The payback is about the tremendous amount of input you have made on this site, and if you can get something back I though that was great...

That happens all the time and has since I strated on forums 10 yrs ago. Even a singular snippet has proven to be sage advice at times.
Often the message is buried and emerges "When you're ready and capable of accepting it"

"I remember sitting in a room full of Tech Analysts at an ATAA meeting in Adelaide---I went as a guest as Radge was speaking. Radge was speaking on What made you profitable at about 25 mins into a 60 min presentation for me the Penny dropped like a smack in the mouth (Had a few in my time, smacks and penny dropping). I hadnt come looking for anything but sure as hell found it! I just GOT IT! I looked around the room and as Radge delved, demonstrated, explained and questioned it was obvious that the entire room DIDT GET IT. Not that I was a genius, just that THEY werent ready or capable of accepting "WHAT makes you profitable."

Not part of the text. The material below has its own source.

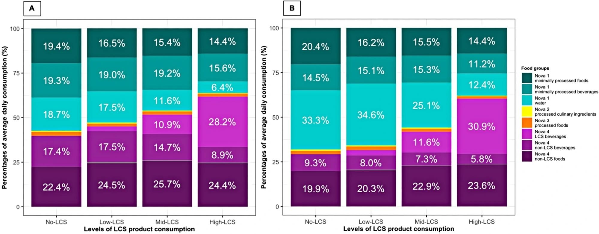 Grams of dietary intake by Nova subgroup in 2008–2009 (A) and 2018–2019 (B). A (N = 646). Percentages of dietary intake by Nova subgroups. No-LCS: Nova 2 processed culinary ingredients, 0.4%; Nova 3 processed foods and beverages, 2.3%. Low-LCS: Nova 2 processed culinary ingredients, 0.5%; Nova 3 processed foods and beverages, 1.6%; Nova 4 LCS beverages, 2.6; Nova 4 LCS foods, 0.5%. Mid-LCS: Nova 2 processed culinary ingredients, 0.4%; Nova 3 processed foods and beverages, 1.8%; Nova 4 LCS foods, 0.4%. High-LCS: Nova 2 processed culinary ingredients, 0.3%; Nova 3 processed foods and beverages, 1.7%; Nova 4 LCS foods, 0.3%. B (N = 424). Percentages of dietary intake by Nova subgroups. No-LCS: Nova 2 processed culinary ingredients, 0.6%; Nova 3 processed foods and beverages, 2.0%. Low-LCS: Nova 2 processed culinary ingredients, 0.5%; Nova 3 processed foods and beverages, 2.1%; Nova 4 LCS beverages, 3.0; Nova 4 LCS food, 0.2%. Mid-LCS: Nova 2 processed culinary ingredients, 0.5%; Nova 3 processed foods, 1.7%; Nova 4 LCS foods, 0.1%. High-LCS: Nova 2 processed culinary ingredients, 0.3%; Nova 3 processed foods, 1.3%; Nova 4 LCS foods, 0.1%Grams of dietary intake by Nova subgroup in 2008–2009 (A) and 2018–2019 (B). A (N = 646). Percentages of dietary intake by Nova subgroups. No-LCS: Nova 2 processed culinary ingredients, 0.4%; Nova 3 processed foods and beverages, 2.3%. Low-LCS: Nova 2 processed culinary ingredients, 0.5%; Nova 3 processed foods and beverages, 1.6%; Nova 4 LCS beverages, 2.6; Nova 4 LCS foods, 0.5%. Mid-LCS: Nova 2 processed culinary ingredients, 0.4%; Nova 3 processed foods and beverages, 1.8%; Nova 4 LCS foods, 0.4%. High-LCS: Nova 2 processed culinary ingredients, 0.3%; Nova 3 processed foods and beverages, 1.7%; Nova 4 LCS foods, 0.3%. B (N = 424). Percentages of dietary intake by Nova subgroups. No-LCS: Nova 2 processed culinary ingredients, 0.6%; Nova 3 processed foods and beverages, 2.0%. Low-LCS: Nova 2 processed culinary ingredients, 0.5%; Nova 3 processed foods and beverages, 2.1%; Nova 4 LCS beverages, 3.0; Nova 4 LCS food, 0.2%. Mid-LCS: Nova 2 processed culinary ingredients, 0.5%; Nova 3 processed foods, 1.7%; Nova 4 LCS foods, 0.1%. High-LCS: Nova 2 processed culinary ingredients, 0.3%; Nova 3 processed foods, 1.3%; Nova 4 LCS foods, 0.1%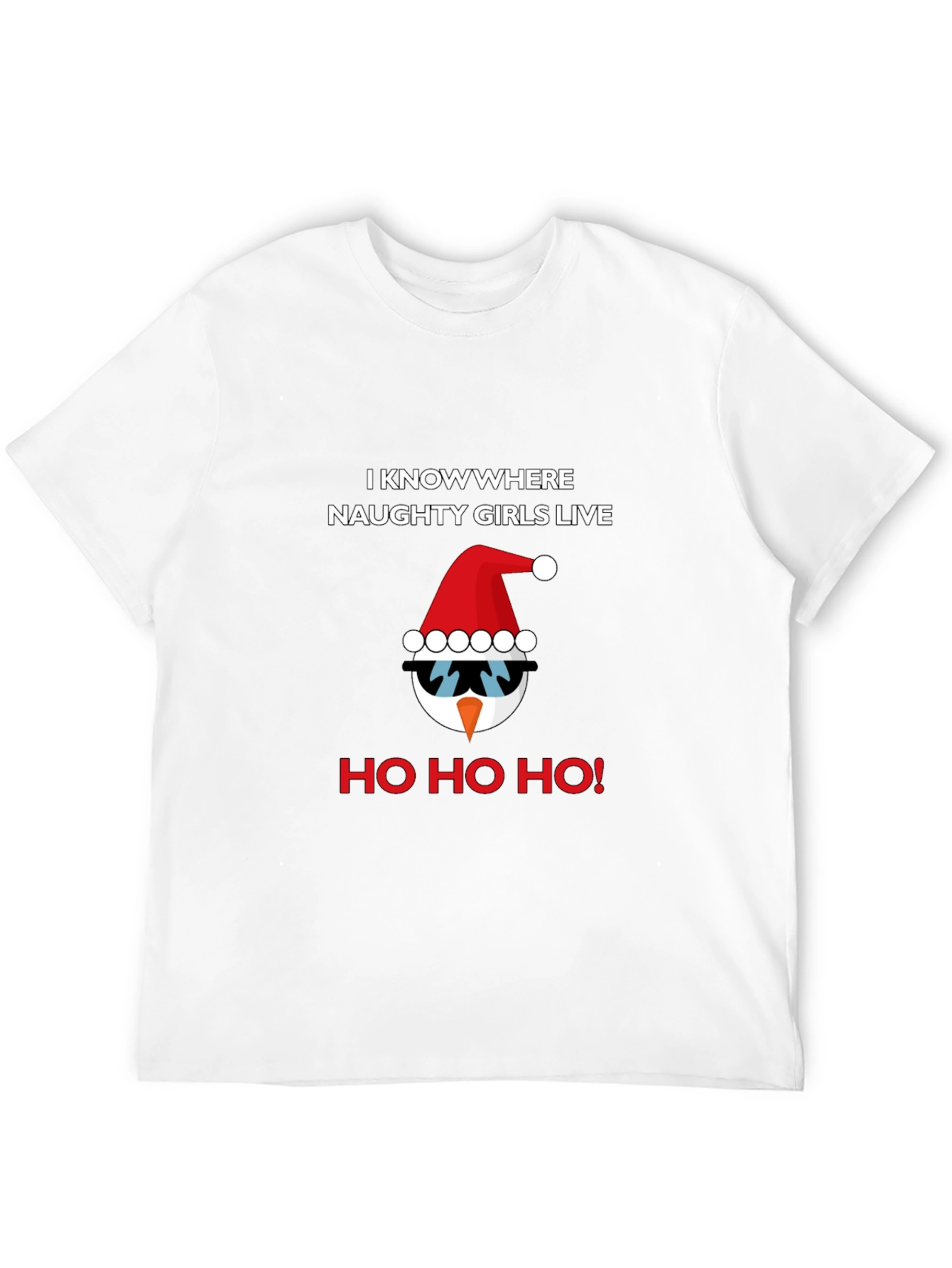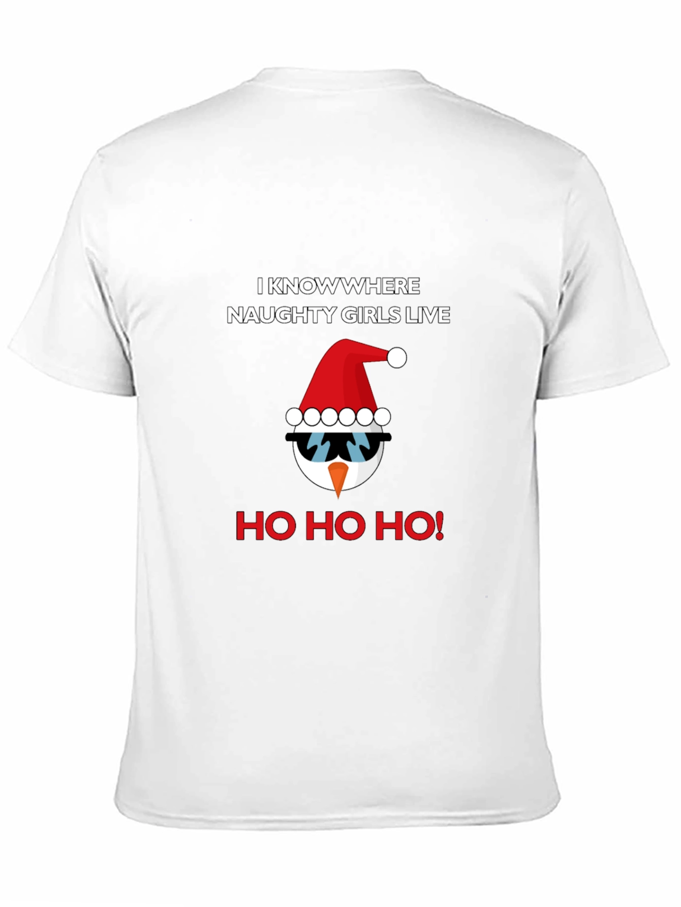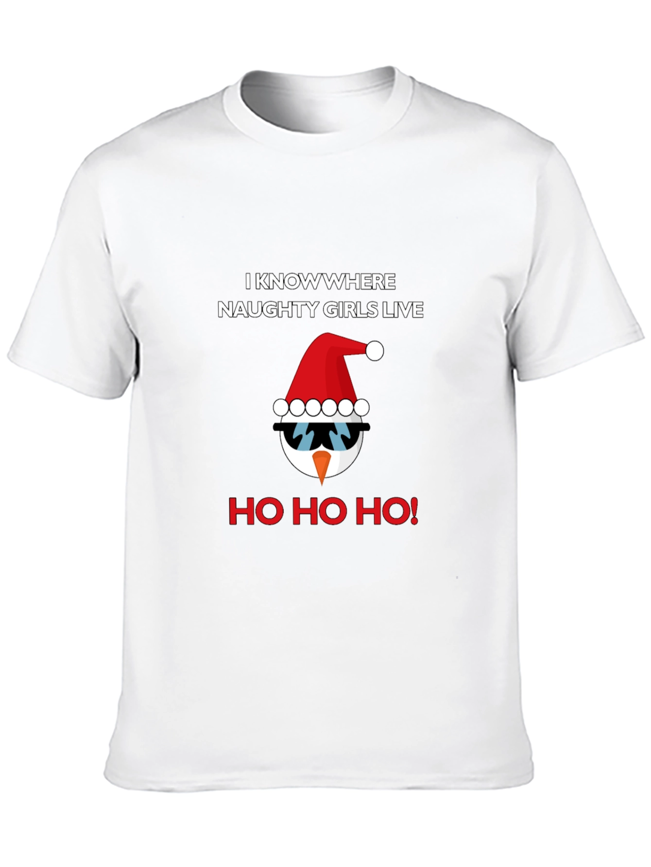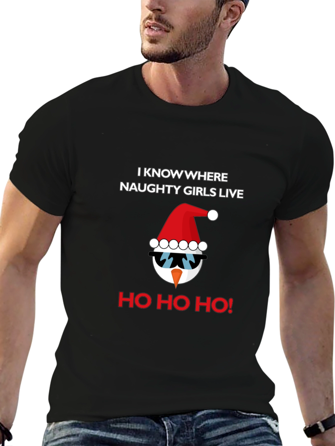 Luce un estilo divertido y provocador con esta camiseta negra de manga corta. Con un diseño llamativo, la camiseta presenta la frase "I KNOW WHERE NAUGHTY GIRLS LIVE" (Sé dónde viven las chicas traviesas) en letras blancas, acompañada de un pingüino con gorro navideño. Este diseño audaz y original es perfecto para llamar la atención y expresar tu sentido del humor. Ideal para fiestas navideñas, salidas casuales o como un regalo ingenioso para amigos y familiares. Fabricada con materiales suaves y cómodos, esta camiseta te mantendrá fresco y a la moda durante todo el día. ¡Atrévete a destacar con esta prenda única!

This was an ATAA meeting TECHNICAL ANALYSIS makes you profitable, Radge you're not speaking our language!!!

Actually he was they werent UNDERSTANDING his.

The comment about rattle everything that moves is referring to what I perceived to be an unquenchable thirst for knowledge. You do have an inquisitional style sometimes (I’d know, I have been on the receiving end of it).

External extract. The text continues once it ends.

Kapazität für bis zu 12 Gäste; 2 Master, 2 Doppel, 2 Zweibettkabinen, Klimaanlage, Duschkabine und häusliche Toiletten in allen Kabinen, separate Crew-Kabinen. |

Actually I used to----but for perhaps 20 yrs dont. I find that anything worth persuing will become aparent very clearly often when you're not looking. The oil floats to the top. Often we are blind to the obvious. OR most see it but DONT RECOGNISE what it is that they see. Ive often posted the "Process of Opportunity"

The comment about falling off my chair when you made those calls was because you surprised me since I had you pegged as a mechanical trader, and you did some really gifted charting to the point that I thought you’d missed your calling it was that good.

In many ways I still am. My care to detail in RISK which I can make mechanical is almost fanatical. My mechanical background has taught me what I NEED to avoid. Ive seen mediocre methods turned into brilliant results by making very small changes. TechTrader is one---a very average methodology---yet its pretty difficult to replicate in real trading for the greater majority.---Is it the analysis which makes the profit?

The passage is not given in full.